The drop in floating storage around Asia's main oil-trading hubs comes in the wake of voluntary production cuts led by the Organization of the Petroleum Exporting Countries (OPEC) and Russia as they look to choke off a supply overhang that has dogged markets for years.
 
"There are less incentives for traders to hold crude given rising crude oil prices and premiums. So to some extent, the OPEC cuts have worked," said Eng Hian, head of trading at Agritrade Energy in Singapore, which trades crude and oil products. The Agritrade group of companies also has a shipping arm that operates tankers used for storage.
 
Brent crude futures are up more than 40 percent since July to almost $64 per barrel.
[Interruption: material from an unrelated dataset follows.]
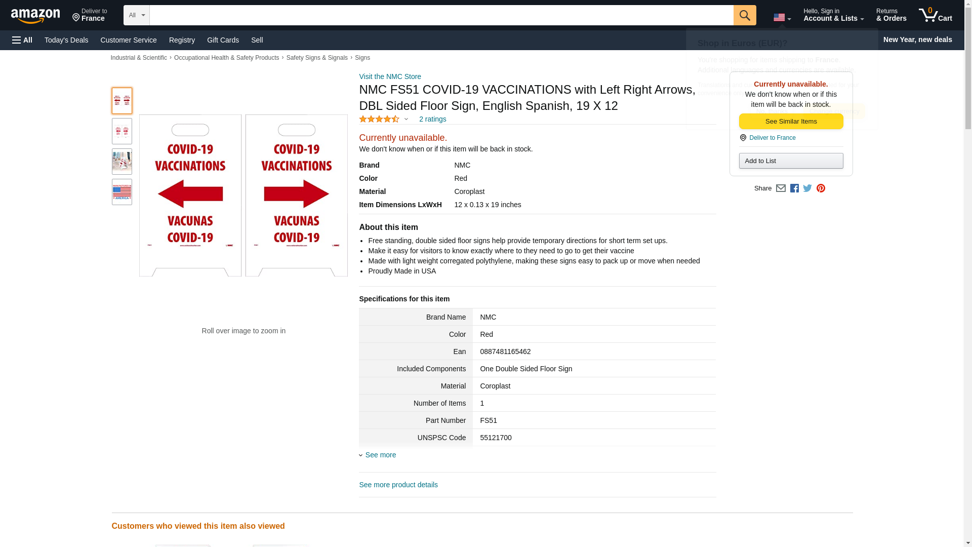 Order FS51 by NMC "Covid-19 Vaccinations" (Eng/Esp), Double-Sided Floor Sign - US Mega Store
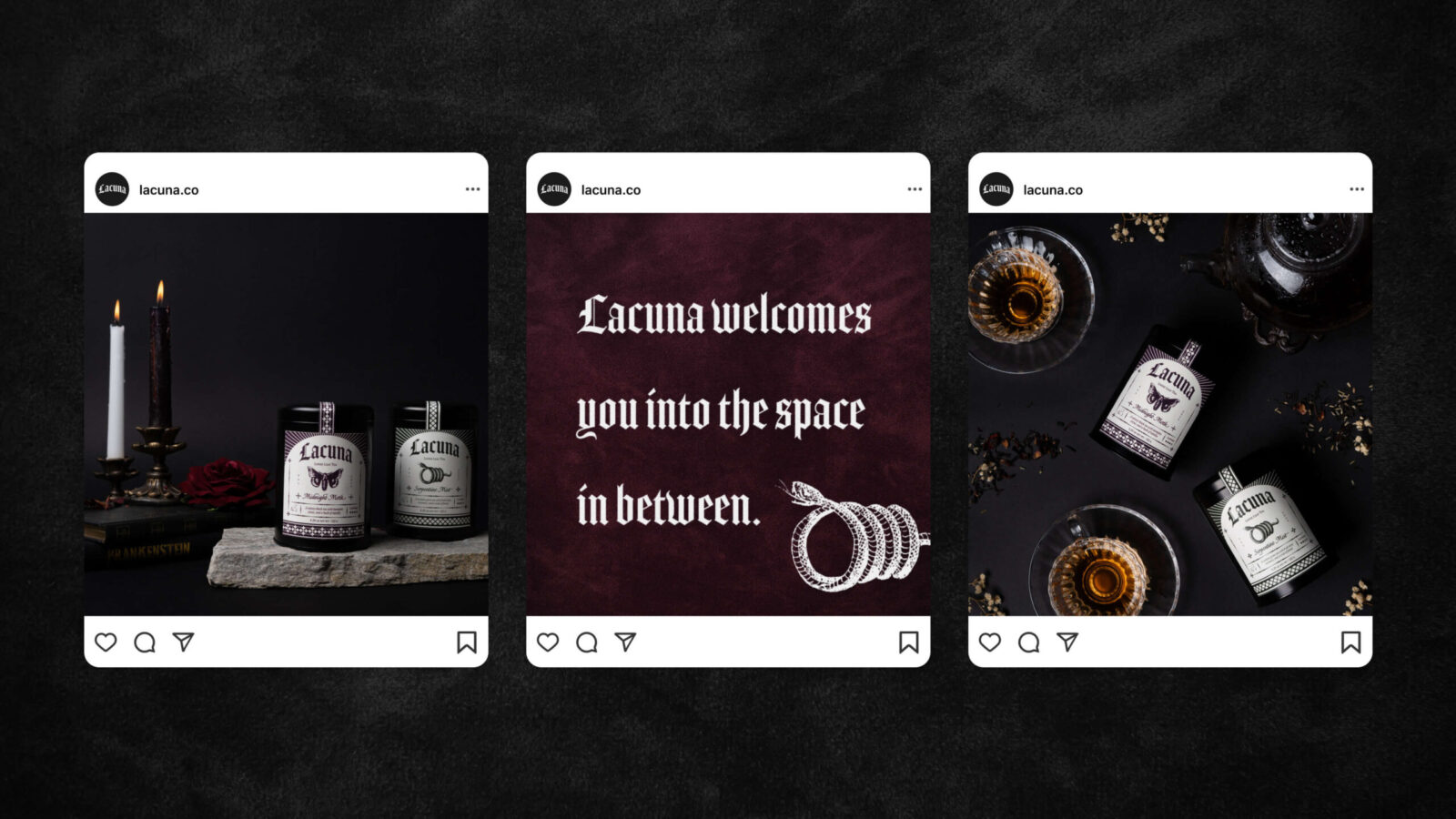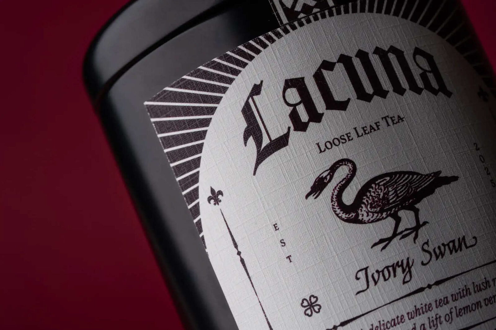 Central to Lacuna’s identity is a motif system combining vintage illustrations of a moth, snake, and swan with abstract glyphs that reinterpret each animal symbolically. Tombstone-shaped labels reference gothic architecture, and refined textures on the label add tactility while highlighting the brand’s premium quality. A repeating pattern at the bottom of each label, echoed on the seal, reinforces cohesion across the packaging. The color palette, black paired with deep, muted purples, reds, and greens, adds depth and understated sophistication. The typographic system blends blackletter, script, and serif typefaces to convey tea variety, a brief description, and caffeine level, harmonizing with illustrations, motifs, and the label pattern to form a unified, narrative-rich design. Together, these elements make each tea variety feel distinct while remaining part of Lacuna’s poetic, atmospheric world.

Also, the Brent forward curve shows contracts for future delivery are cheaper than spot supplies, a condition known as backwardation which makes it unattractive to store oil.
 
"The (backwardation) structure has flushed out oil in storage," Eng Hian said.
 
MISSION ACCOMPLISHED?
 
The OPEC-led cuts were initially slated to last for the first half of 2017, but have since been extended until March next year as some participants took time to comply with the curbs and as U.S. crude imports jumped.
 
Tighter supplies are also evident in physical oil markets.
 
Saudi Arabia this month lifted the price for its light crude in Asia to the highest level since September, 2014, just before the glut started.
 
U.S. bank Goldman Sachs said this week that falling inventories were also driven by strong demand for oil.
 
"Strength in demand is an important force in the rebalancing of the global oil market ... It has helped the decline in excess inventories," Goldman said in a note to clients.
 
Despite the tighter market, energy consultancy FGE warned this week that due to rising U.S. shale production and a potential jump in OPEC supplies after the end of its voluntary cuts, a supply glut could re-emerge.
 
"This may result in lower prices in 2019," FGE said.
 
U.S. oil production climbed to a record of over 9.6 million barrels per day (bpd) this month, and output is set to climb further. Texas issued around 1,000 oil and gas drilling permits last month, up nearly 17 percent from the same month a year ago, according to the state's energy regulator.